• _What you have to do_
Leaving out every picture, copy the lines of the data exactly, from the first through the line containing "SANTUZZA 925 Sterling".

• _Data_

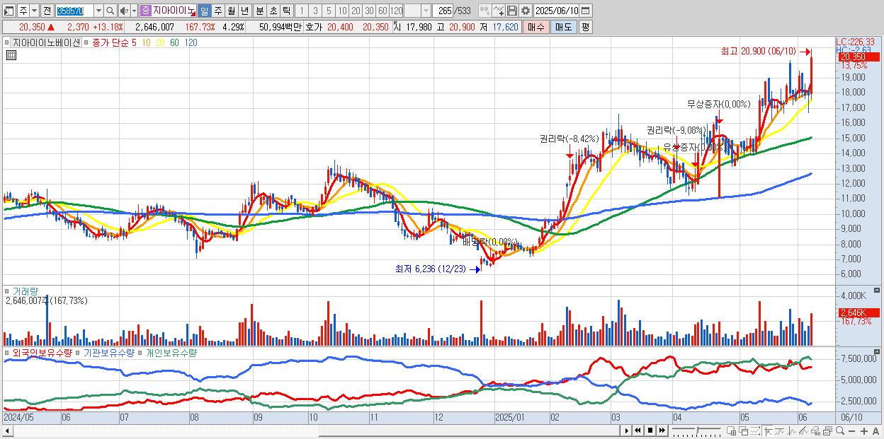 - 지아이이노베이션 (20,800원 ▲ 15.68% , 시총: 12,816억, 거래량: 1,771,810, 거래대금:341억, KOSDAQ)
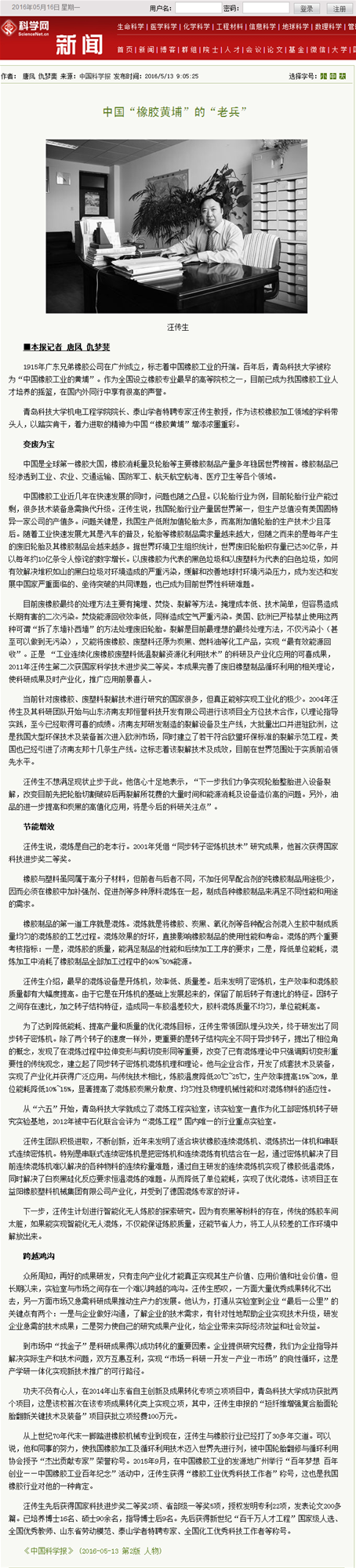 4月21日,应《中国科学报》的邀请,机电学院院长汪传生教授接受了该报记者的专访。
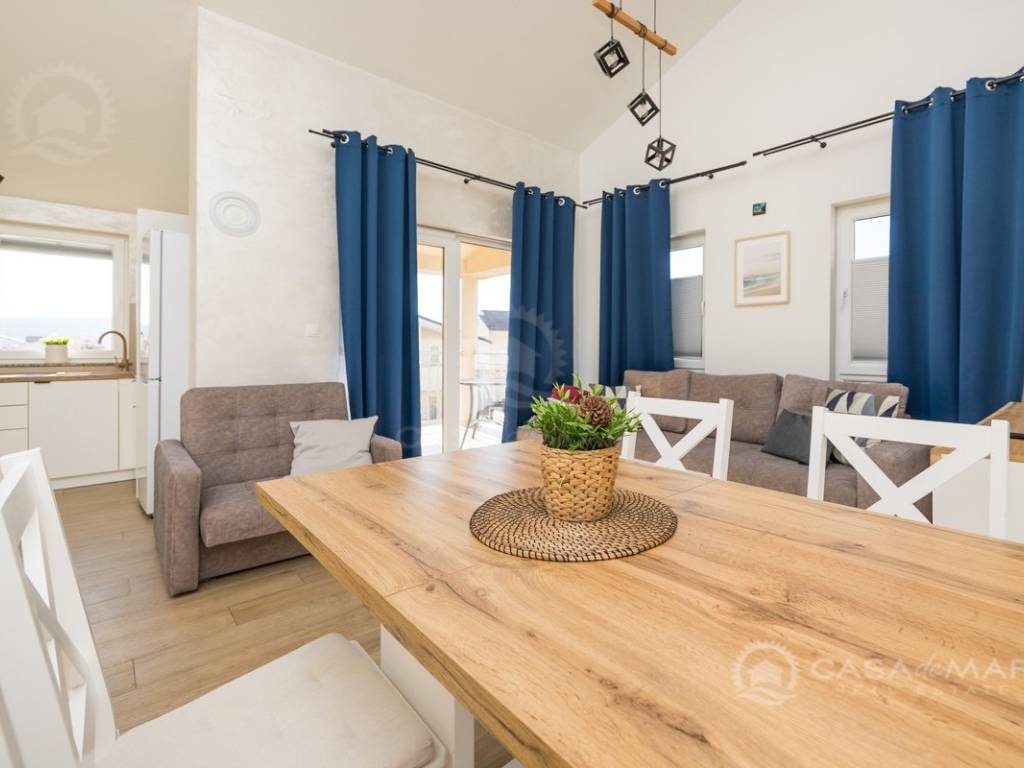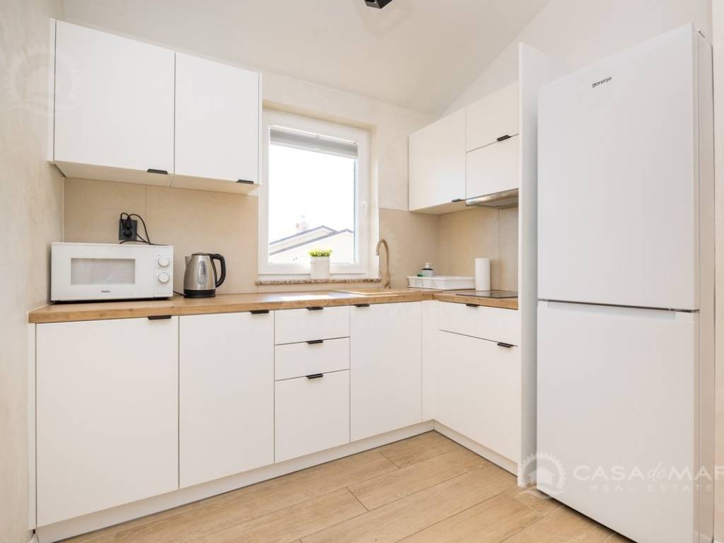 The apartment was renovated in 2021 and is equipped with PVC joinery and air-conditioning. An additional feature is the chimney, which allows heating with a wood or pellet stove, making the apartment suitable for year-round use.
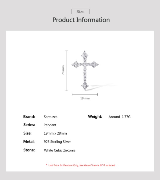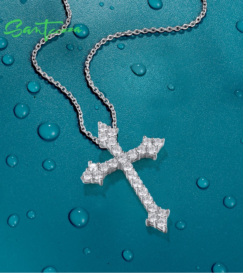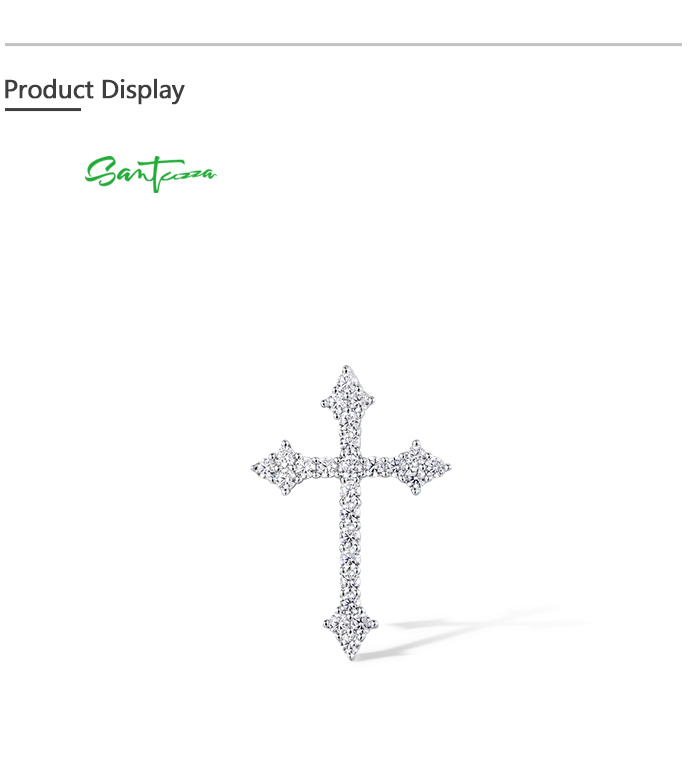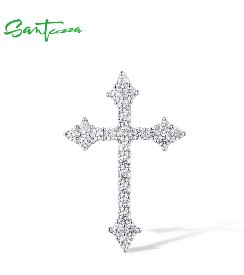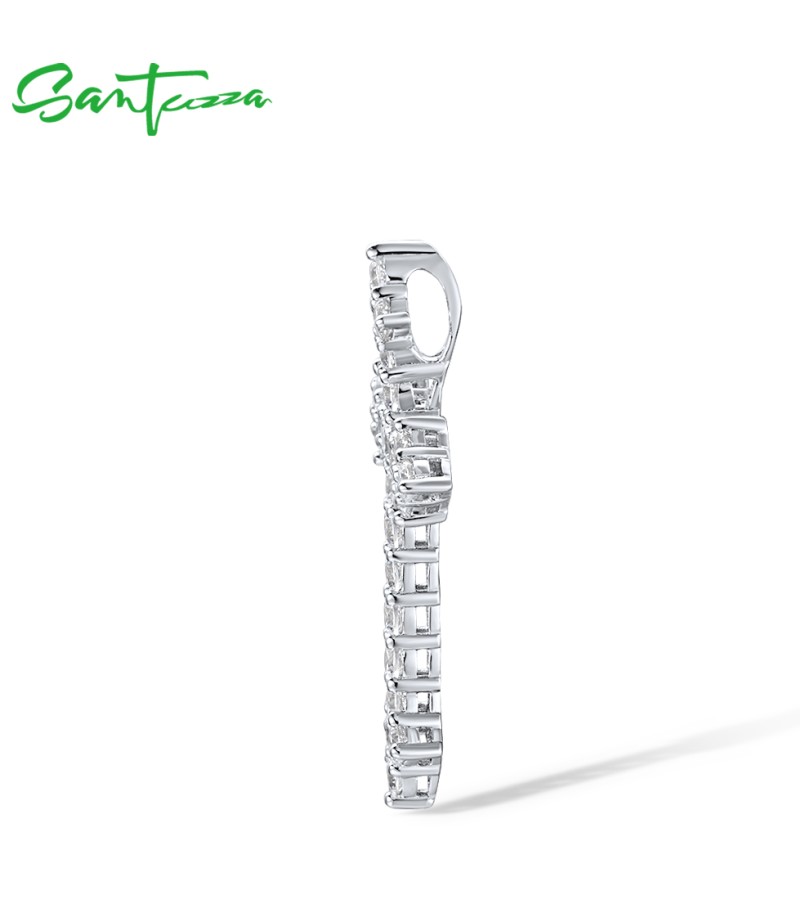 SANTUZZA 925 Sterling Silver Pendant White Cubic Zirconia Cross Pendant Jewelry
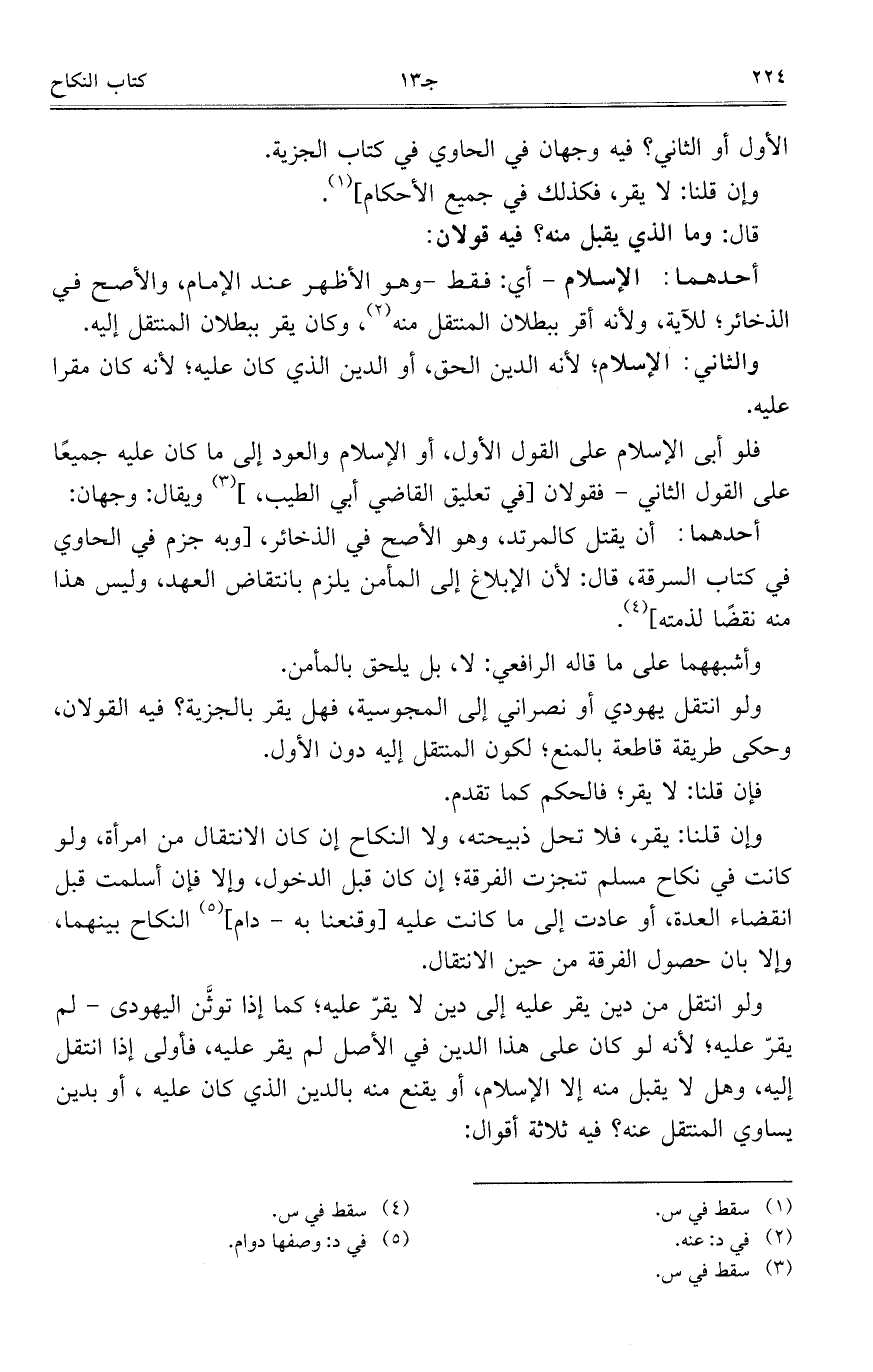أحدهما: الإسلام- أي: فقط- وهو الأظهر عند الإمام، والأصح في الذخائر؛ للآية، ولأنه أقر ببطلان المنتقل منه، وكان يقر ببطلان المنتقل إليه.

• _Answer to the exercise_
 - 지아이이노베이션 (20,800원 ▲ 15.68% , 시총: 12,816억, 거래량: 1,771,810, 거래대금:341억, KOSDAQ)
 4月21日,应《中国科学报》的邀请,机电学院院长汪传生教授接受了该报记者的专访。
 The apartment was renovated in 2021 and is equipped with PVC joinery and air-conditioning. An additional feature is the chimney, which allows heating with a wood or pellet stove, making the apartment suitable for year-round use.
 SANTUZZA 925 Sterling Silver Pendant White Cubic Zirconia Cross Pendant Jewelry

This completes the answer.